Go through the listing that follows and write it out exactly. Drop the pictures.
(Beginning of Stored data)
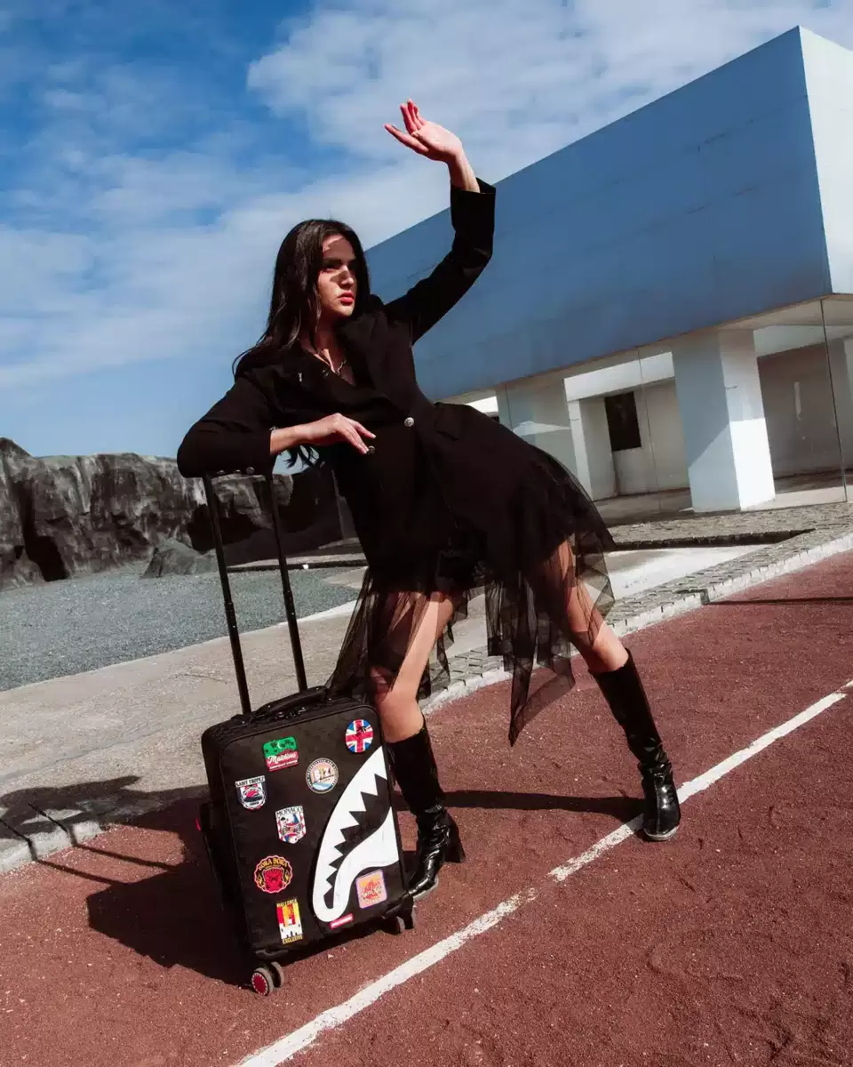 Guscio in cloruro di polivinile al 100%, ovvero 100% similpelle Altezza: 19,5″ x Larghezza: 14,5″ x Profondità: 7″ Telaio con cerniera YKK® Tasca esterna frontale Logo in rilievo Manici superiori e laterali in similpelle 4 doppie ruote girevoli incassate Maniglia telescopica regolabile – 2 posizioni INTERNO: Molteplici tasche e scomparti per la massima organizzazione 3 tasche con cerniera 4 tasche in rete Fodera in raso con stampa squalo Tasche organizer in rete Cinghie di fissaggio Cerniere in nylon con hardware in metallo
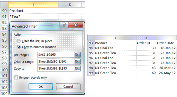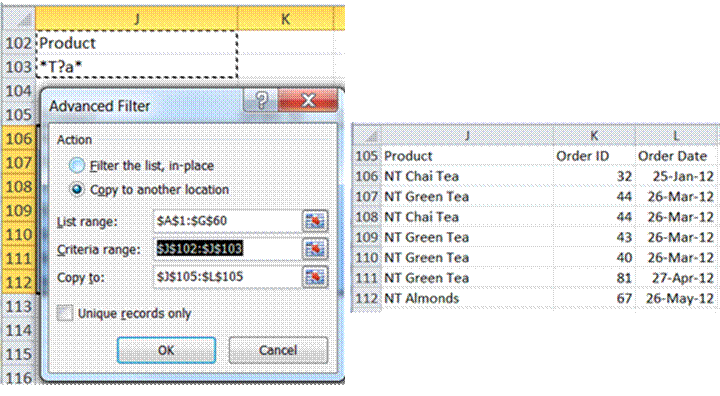 Tea related products are defined as having “tea” somewhere in the product name. Advanced Filter works with wildcard characters such as * and ?. To search for any occurrence of tea in the name of a product, use *tea*. [As in other context and other languages, the ? character allows a single character to be anything.]
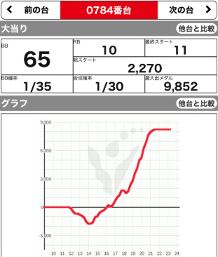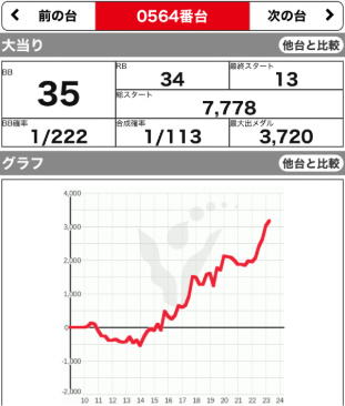 | 564 💮 | マイジャグ | 8500G | +3100 | 35:34 1/113 112.1% |
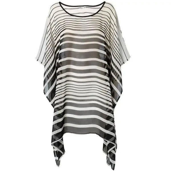 - Tessuto: Chiffon leggero per una sensazione di leggerezza. Modello: righe bianche e nere per un look senza tempo .
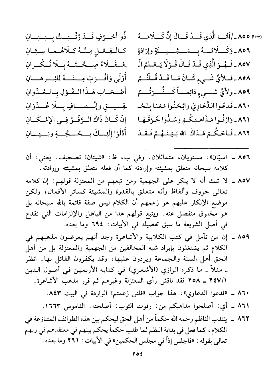 ٨٥٦ - وَكَلَامُهُ بمَشيئَةٍ وإِرادَةٍ ... كالفِعْلِ مِنْهُ كِلَاهُما سِيَّانِ
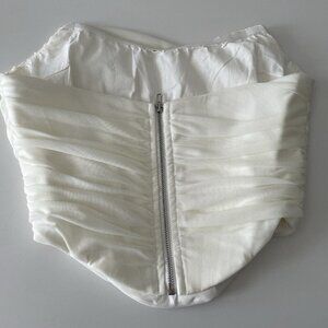 Women Mesh Bustier Strapless Open Back Crop Top Zip Back Boned Overbust Corset
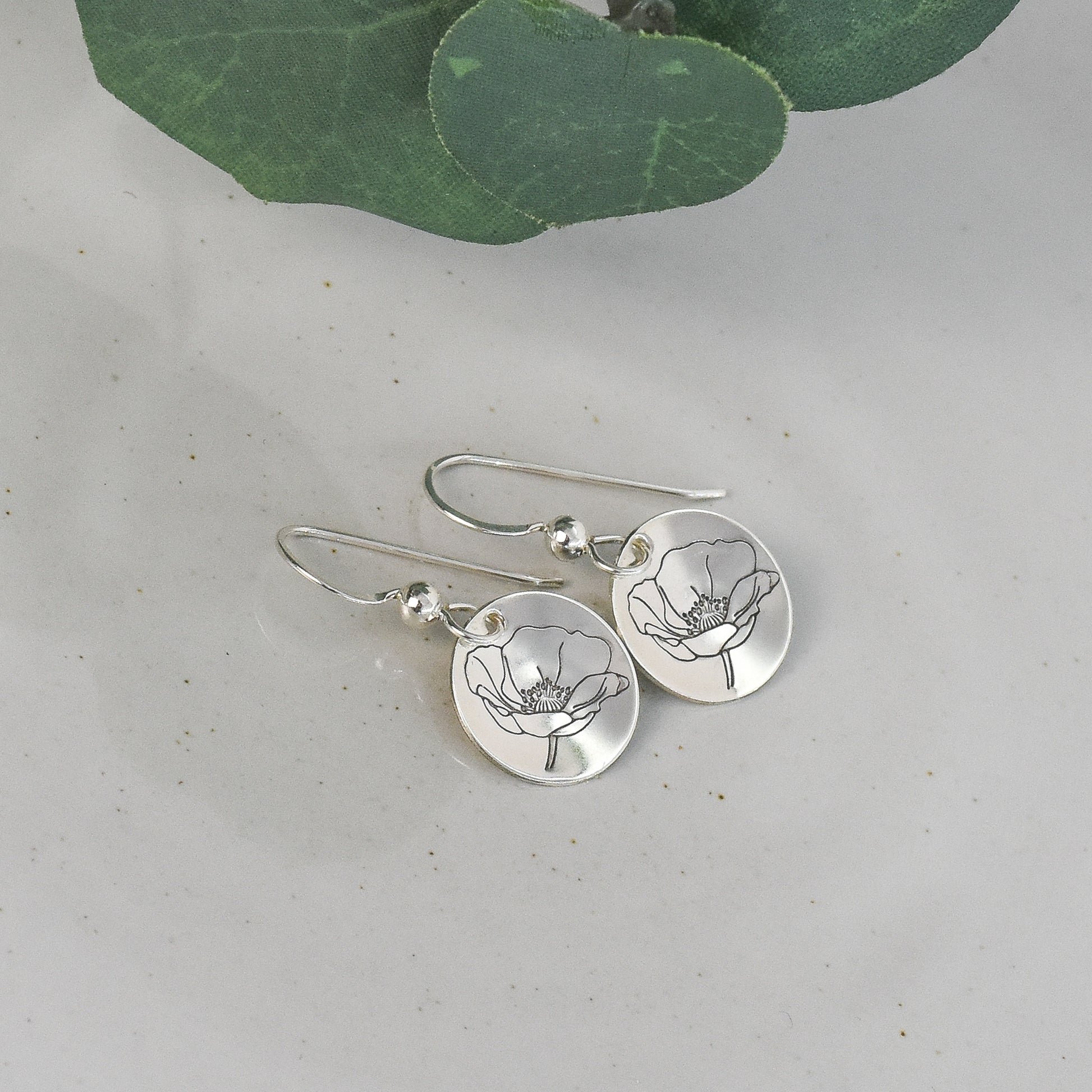 This large bloom poppy flower design earrings are handmade from sterling silver sheet metal. Stamped with punch and hammer, these petite minimalist earrings feature a stylish botanical theme. Choose between ear wire options for a perfect fit.
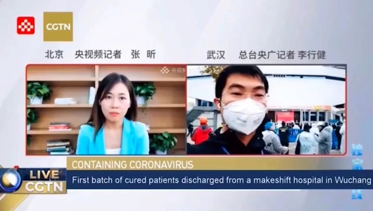 2月11日,中央廣播電視總臺中國之聲特別報道部記者李行健在武昌方艙醫(yī)院前與央視頻連線,并通過CGTN等平臺同步直播。
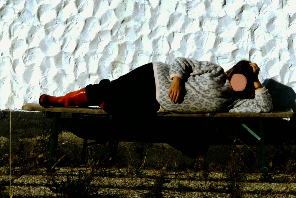 Die Qualität ist zwar schlecht doch es sind von Dias eingescannte alte Bilder. Hier Bilder von ihren ersten hohen rot glänzenden Gummistiefeln. Die Stiefel habe ich nach einem Umzug zerschnitzelt sodaß neue hermusten.
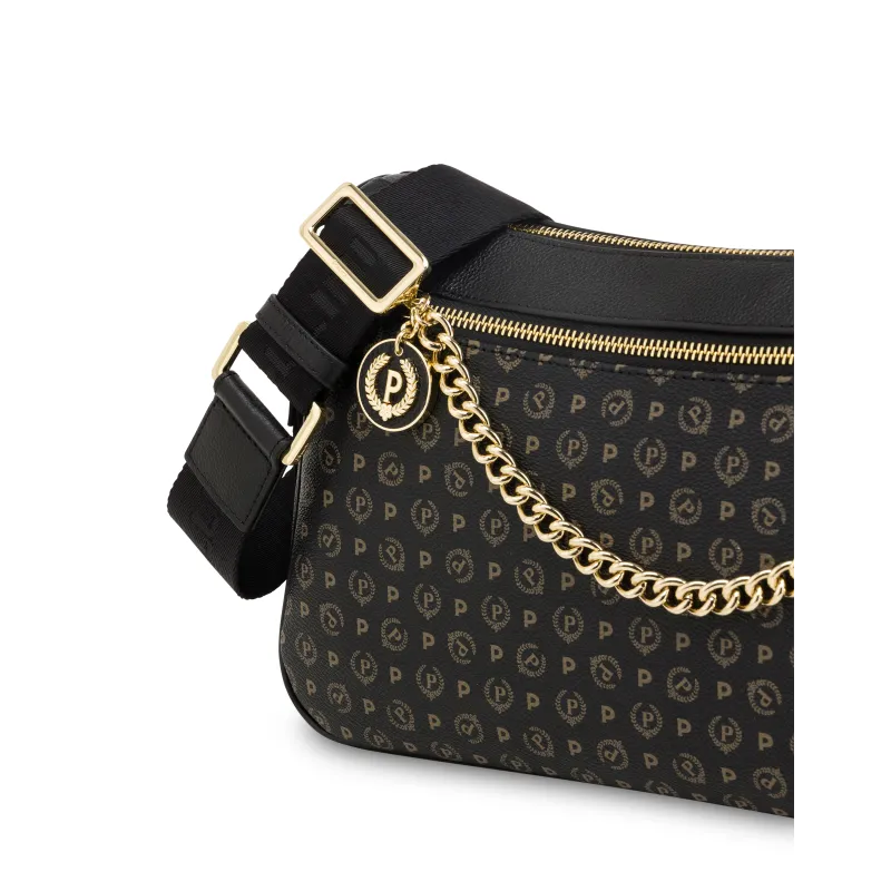 Pollini heritage women's bag with adjustable fabric shoulder strap, black
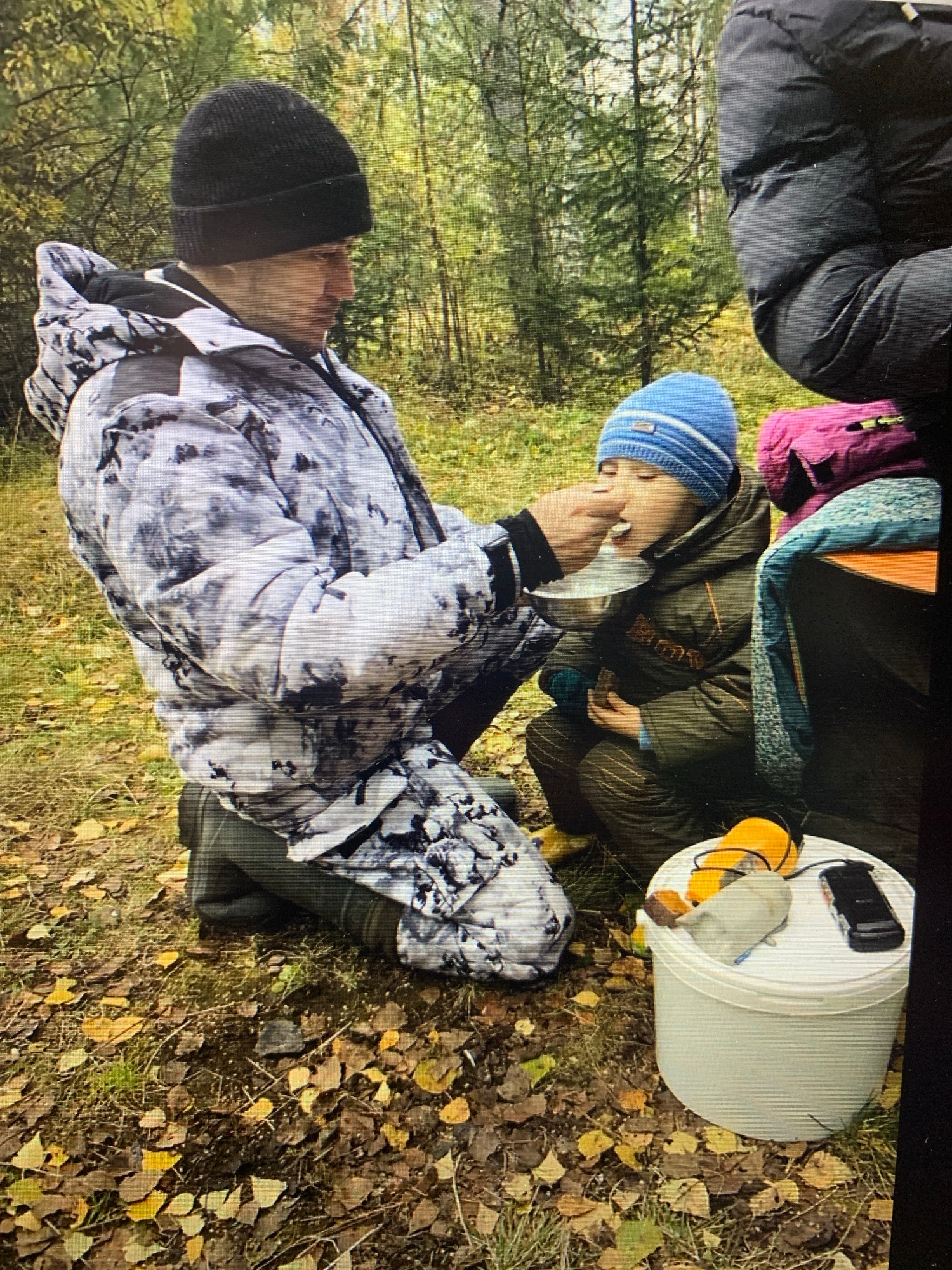 The image shows two individuals outdoors. An adult wearing a black beanie and a jacket patterned with a white and gray camouflage design is kneeling. A child wearing a blue beanie, a brown jacket, and…read more
(End of Stored data)
### [Output below]
 Guscio in cloruro di polivinile al 100%, ovvero 100% similpelle Altezza: 19,5″ x Larghezza: 14,5″ x Profondità: 7″ Telaio con cerniera YKK® Tasca esterna frontale Logo in rilievo Manici superiori e laterali in similpelle 4 doppie ruote girevoli incassate Maniglia telescopica regolabile – 2 posizioni INTERNO: Molteplici tasche e scomparti per la massima organizzazione 3 tasche con cerniera 4 tasche in rete Fodera in raso con stampa squalo Tasche organizer in rete Cinghie di fissaggio Cerniere in nylon con hardware in metallo
 Tea related products are defined as having “tea” somewhere in the product name. Advanced Filter works with wildcard characters such as * and ?. To search for any occurrence of tea in the name of a product, use *tea*. [As in other context and other languages, the ? character allows a single character to be anything.]
 | 564 💮 | マイジャグ | 8500G | +3100 | 35:34 1/113 112.1% |
 - Tessuto: Chiffon leggero per una sensazione di leggerezza. Modello: righe bianche e nere per un look senza tempo .
 ٨٥٦ - وَكَلَامُهُ بمَشيئَةٍ وإِرادَةٍ ... كالفِعْلِ مِنْهُ كِلَاهُما سِيَّانِ
 Women Mesh Bustier Strapless Open Back Crop Top Zip Back Boned Overbust Corset
 This large bloom poppy flower design earrings are handmade from sterling silver sheet metal. Stamped with punch and hammer, these petite minimalist earrings feature a stylish botanical theme. Choose between ear wire options for a perfect fit.
 2月11日,中央廣播電視總臺中國之聲特別報道部記者李行健在武昌方艙醫(yī)院前與央視頻連線,并通過CGTN等平臺同步直播。
 Die Qualität ist zwar schlecht doch es sind von Dias eingescannte alte Bilder. Hier Bilder von ihren ersten hohen rot glänzenden Gummistiefeln. Die Stiefel habe ich nach einem Umzug zerschnitzelt sodaß neue hermusten.
 Pollini heritage women's bag with adjustable fabric shoulder strap, black
 The image shows two individuals outdoors. An adult wearing a black beanie and a jacket patterned with a white and gray camouflage design is kneeling. A child wearing a blue beanie, a brown jacket, and…read more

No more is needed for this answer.